What to produce: Exactly as written, reproduce the lines from the beginning of the data through the line containing "エアコンの標準装備と内外装を"; the pictures are not reproduced.

Input data:
Start of Block
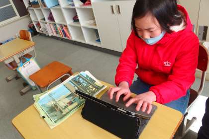 調べたことをタブレットのシンプルプレゼンでまとめている4組の児童です。
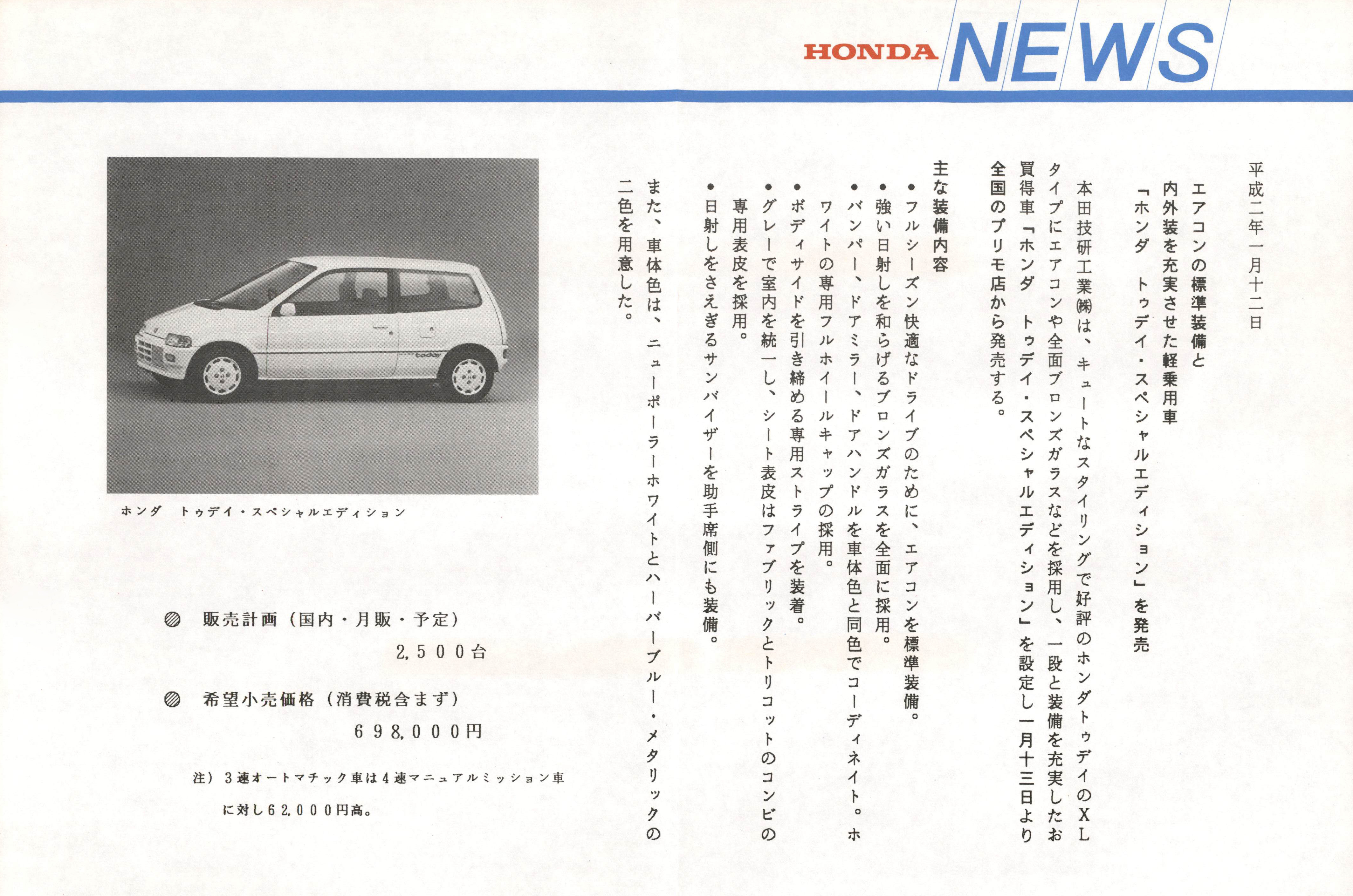 エアコンの標準装備と内外装を充実させた軽乗用車「ホンダトゥデイ・スペシャルエディション」を発売
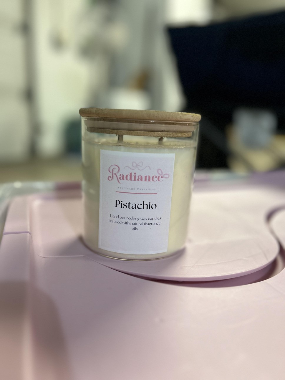 Her personal favourite, and the bestseller at every market she attends, the Pistachio candle is everything Radiance Wellness is in one jar. It's made with 100% natural soy wax — something she made a deliberate choice about early on, because she cared too much about what people were burning in their homes to cut corners. Inside, a wooden wick crackles softly as the candle burns, the way a fireplace does, the way rain does — a sound that immediately slows you down. The wooden wick also means a longer burn: up to 40 hours for the medium 10 oz jar.
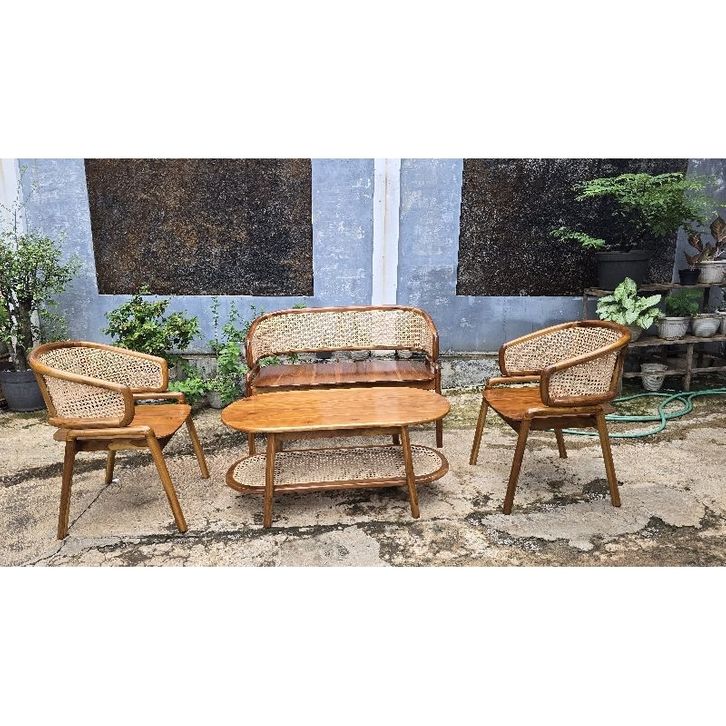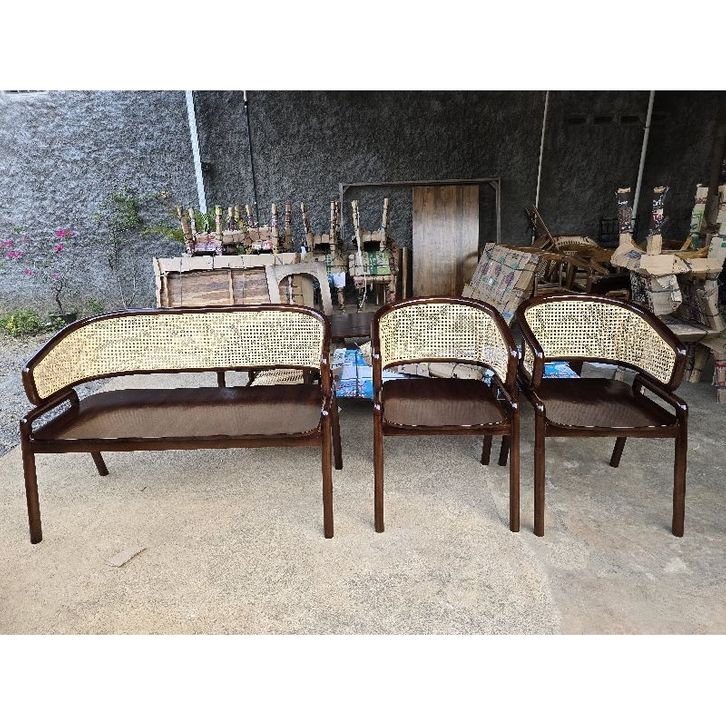 Set Kursi Teras Kursi R Tamu Jati Retro Rotan Finishing - Kursi Makan Cafe Resto Cleopatra Kursi minimalis
End of Block
Solution to this task:
 調べたことをタブレットのシンプルプレゼンでまとめている4組の児童です。
 エアコンの標準装備と内外装を充実させた軽乗用車「ホンダトゥデイ・スペシャルエディション」を発売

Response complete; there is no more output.